▶ **PROBLEM DETAILS**: Pictures excluded, output the lines of the data below between the one holding "El Instituto Mexicano" and the one holding "Helal Rızık ve", inclusive, exactly as they stand.

(Dataset entries)
------------------------
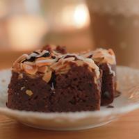 混ぜて焼くだけの簡単なブラウニーです。仕上げにホワイトチョコレートをかけることで見た目も華やかになり、アーモンドスライスの風味や食感もたまりませんよ。簡単なのに本格的な見た目なので、おもてなしやプレゼントにもぴったりです。ぜひお試しくださいね。
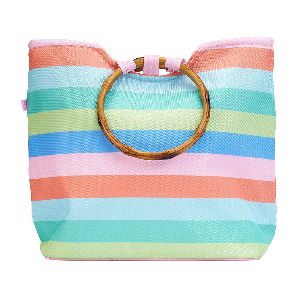 These zip up bags are fully insulated and can be used as a regular tote but with the added bonus of protecting your perishables. The faux bamboo handles complete the look! Easy wipe down interior and exterior. Size: 28.5cm x 40cm
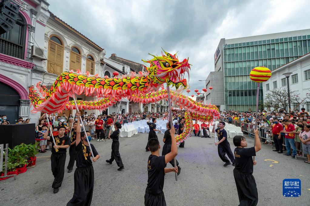 这是1月28日在马来西亚槟城州首府乔治市举行的槟城庙会上拍摄的舞龙表演。
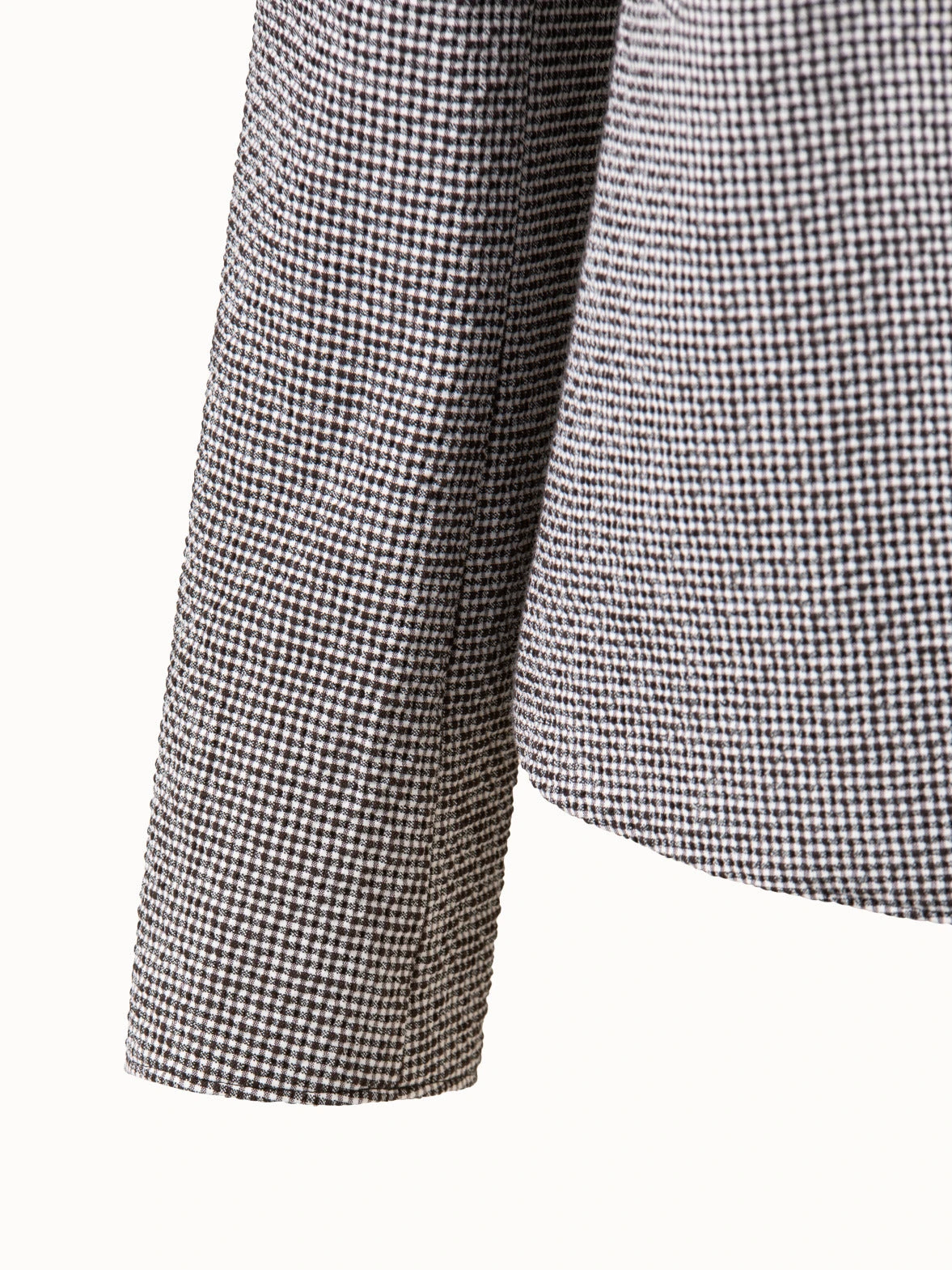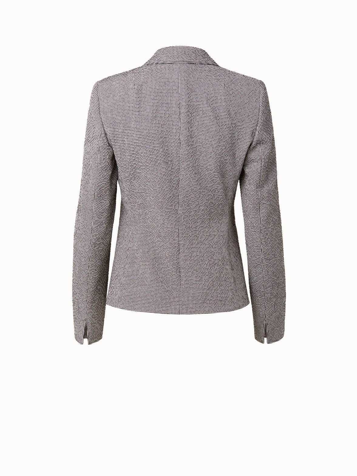 This Akris punto blazer is crafted in cotton seersucker with micro vichy. It features a classic lapel collar, one button closure, and jetted pockets. The turn-up sleeves are a sophisticated tailoring detail. Cut for a fitted feel.
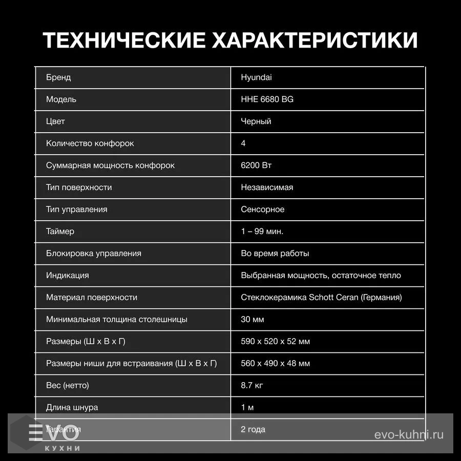 Варочная панель Hyundai HHE 6680 BG
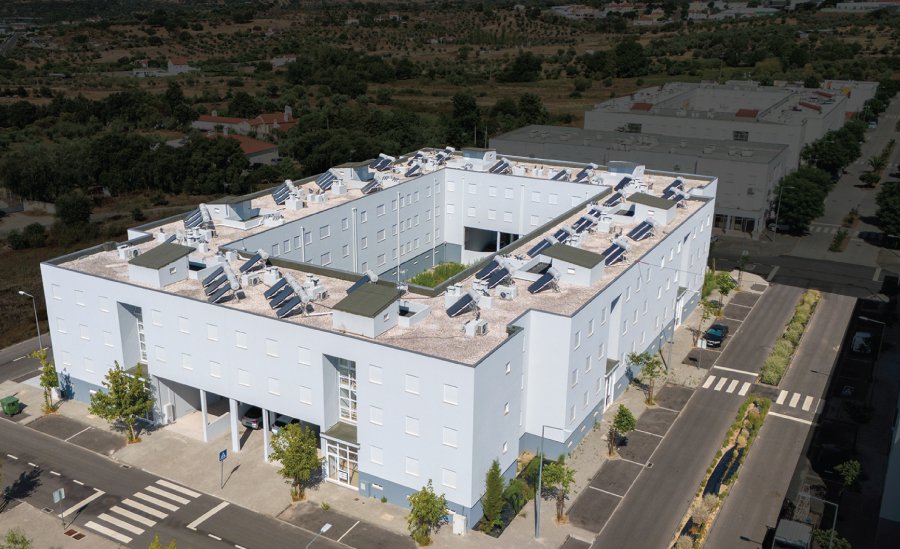 Localizada em frente ao Parque de Feiras e Exposições, no Bairro da Abrunheira, a nova residência do Politécnico de Portalegre ocupa um lote composto por oito blocos, com 44 apartamentos e reúne condições para alojar 203 estudantes.
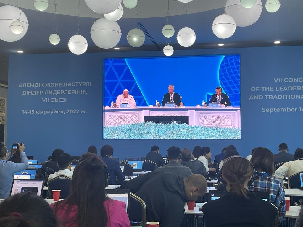 Pingintau.id, Kazakhstan, Nur Sultan – Kongres ke-7 Pemimpin Dunia dan Agama Tradisional (Congress of Leaders of World and Traditional Religion) dilaksanakan di ibu kota Kazakhstan, Nur Sultan pada hari Rabu dan Kamis, (14-15/09/2022). Kongres yang diadakan di Istana Kemerdekaan ini dihadiri sekitar 100 delegasi dari 50 negara, termasuk pemimpin spiritual Katolik Paus Fransiskus, Imam Besar Al-Azhar Ahmed El-Tayyeb, Kepala Ashkenazi Israel Rabbi David Lau dan Ketua Umum Pengurus Besar Nahdlatul Ulama (PBNU) KH Yahya Cholil Staquf.
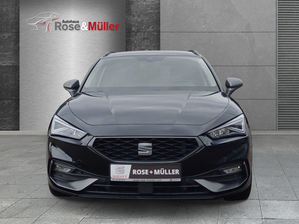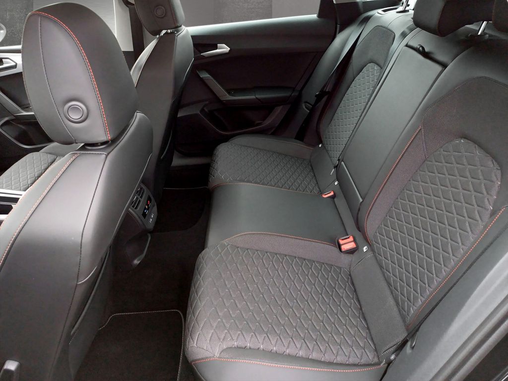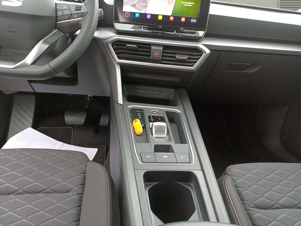 6 Lautsprecher, Ablagetasche an Vordersitzlehnen, Airbag Beifahrerseite abschaltbar, Airbag Fahrer-/Beifahrerseite, Antriebs-Schlupfregelung (ASR), Außenspiegel elektr. verstell-, heiz- und anklappbar mit Spiegelabsenkung, Außenspiegel grau, Blinkleuchten LED in Außenspiegel integriert, Bluetooth-Schnittstelle mit Freisprecheinrichtung integriert, Bordcomputer, Dachreling, Doppeltonhorn, Durchladeeinrichtung (Mittelarmlehne hinten), Einstiegsleisten beleuchtet, Elektron. Querdifferentialsperre (XDS), Fahrassistenz-System: Fahrprofilauswahl (SEAT Drive Profile), Fahrassistenz-System: Müdigkeitserkennung, Fahrassistenz-System: Spurhalteassistent, Fahrassistenz-System: Umfeldbeobachtungssystem (Front assist) mit City-Notbremsfunktion, Fensterheber elektrisch vorn + hinten mit Komfortschaltung, Gepäckraumabdeckung / Rollo, Handschuhfach beleuchtet, Innenraumlicht-Paket LED, Isofix-Aufnahmen für Kindersitz, Karosserie: 5-türig, Klimaanlage Climatronic 3-Zonen, Kofferraumbeleuchtung, Kombiinstrument digital (virtual cockpit), Kopf-Airbag-System, Laderaumboden variabel und herausnehmbar, Lendenwirbelstütze Sitz vorn links, verstellbar, Lendenwirbelstütze Sitz vorn rechts, verstellbar, Lenkrad (Sport/Leder) mit Multifunktion, LM-Felgen, Mild-Hybrid 110 kW (Motor 1,5 Ltr. - 110 kW eTSI ACT), Mobile Online Dienste Seat Connect, Nebelscheinwerfer LED mit Abbiegelicht, Notrufsystem, Otto-Partikelfilter (OPF), Parkbremse elektrisch mit Auto-Hold-Funktion, Radioempfang digital (DAB+), Reifenkontroll-Anzeige, Rücksitzlehne geteilt/klappbar (1/3-2/3), Rücksitzlehnen umklappbar mit Fernentriegelung im Kofferraum, Schadstoffarm nach Abgasnorm Euro 6d, Schalt-/Wählhebelgriff Leder, Seitenairbag, Seitenairbag vorn mitte (Central Airbag), Seitenscheiben hinten und Heckscheibe abgedunkelt, Sitz vorn links höhenverstellbar, Sitz vorn rechts höhenverstellbar, Sitzbezug / Polsterung: Stoff, Sport-Fahrwerk, Sport-Komfortsitze vorn, Start/Stop-Anlage, Steckdose (12V-Anschluß) im Koffer-/Laderaum, Steckdose (12V-Anschluß) vorn, Stoßfänger FR-Design, USB-Schnittstelle vorn (2-fach, Typ C), Verzurrösen Koffer-/Laderaum, Warnanlage für Sicherheitsgurt-System, Wärmeschutzverglasung
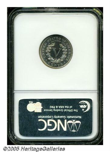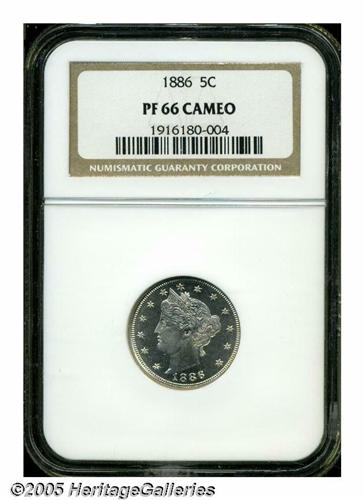 <B>1886<5C> PR66 Cameo NGC.</B></I> Fully struck with rich depth to the dark proof fields, and a distinctly frosted appearance to the central devices. A somewhat granular texture (as struck) in the central reverse fields, was likely on the planchet prior to striking, and should not have effected the numerical grade assessment of the piece. Population: 12 in 66 Cameo, 2 finer (4/05).
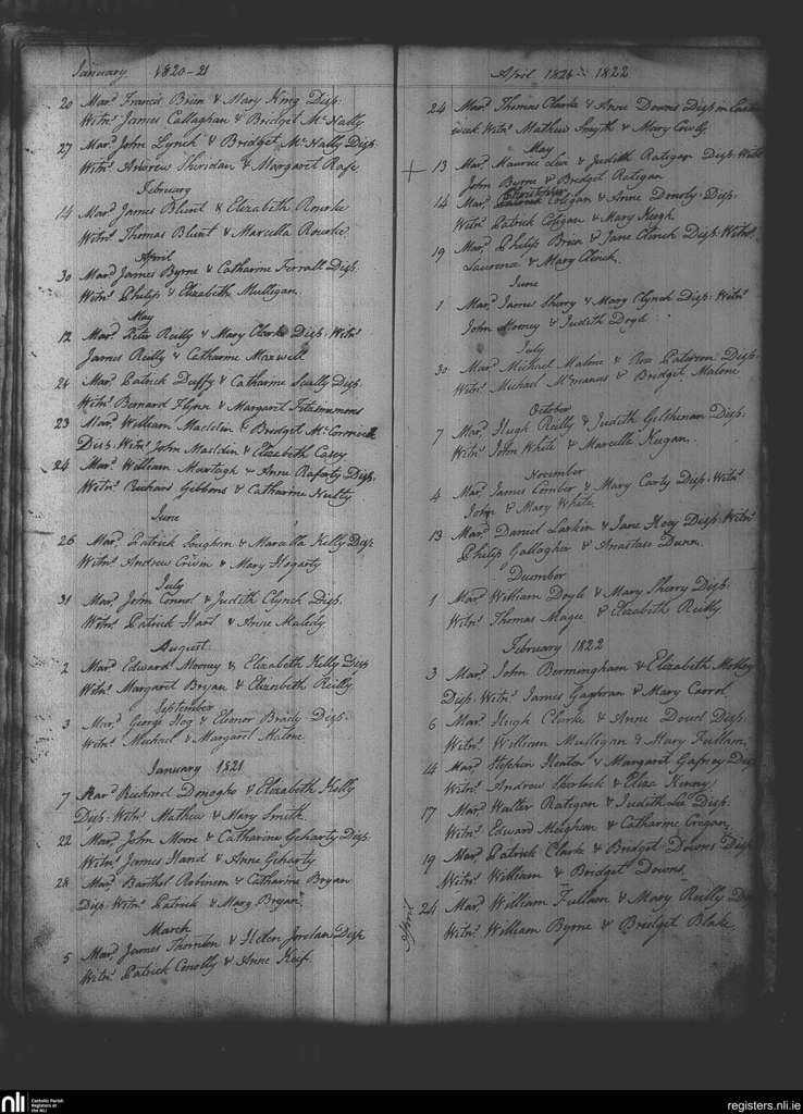 Moynalvey; County of Meath; Diocese of Meath. Marriages, Jan. 1820 to Feb. 1822
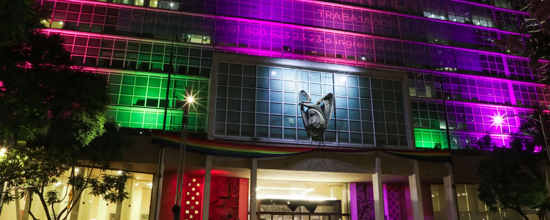 El Instituto Mexicano del Seguro Social (IMSS) realizó el iluminado de su edificio central con motivo del Mes del Orgullo LGBTTTIQAP+ que se celebra a nivel mundial en junio.
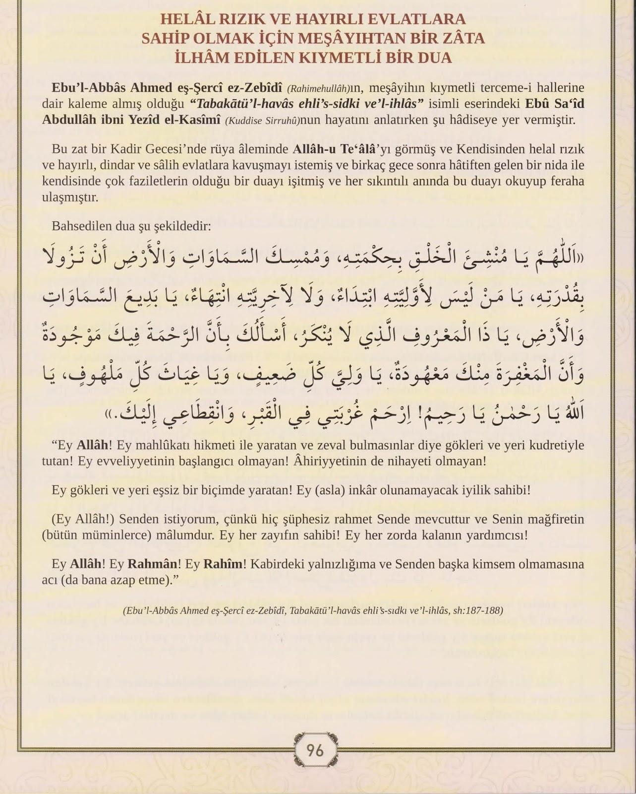 Helal Rızık ve Hayırlı Evlatlara Sahip Olmak İçin Meşayıhtan Bir Zâta İlham Edilen Dua
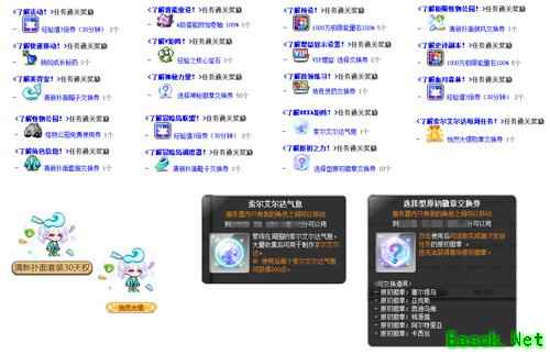 完成晨星晚宴的每日晚餐,或购买每日晚餐通行证,就能采集到晨光和星光,把它们交给盎格罗就可以为幻影装置注入晨光/星光幻影。晨光幻影会在战斗状态下帮助你,在幻影装置中注入晨光幻影,将强化攻击力/魔力之类的能力值,最多可强化到6级。星光幻影能在特殊情况下帮助你,在幻影装置中注入星光幻影,将在特殊情况下使用,最多可强化到6级。幻影强化的水平越高,强化就需要越多的晨光和星光。通过500抵用券可购买1个晨光或星光,每周每种最多购买10个晨光和星光。用于强化的晨光和星光,将无法再次回收,请慎重选择。 活动二:夏日教程 6月25日起至9月9日,玩家可参加夏日教程任务活动,为冒险岛世界勇士们准备的特别活动,参加夏日教程任务,领取丰厚奖励。
------------------------
▶ **RESULT OF THIS TASK**:
 El Instituto Mexicano del Seguro Social (IMSS) realizó el iluminado de su edificio central con motivo del Mes del Orgullo LGBTTTIQAP+ que se celebra a nivel mundial en junio.
 Helal Rızık ve Hayırlı Evlatlara Sahip Olmak İçin Meşayıhtan Bir Zâta İlham Edilen Dua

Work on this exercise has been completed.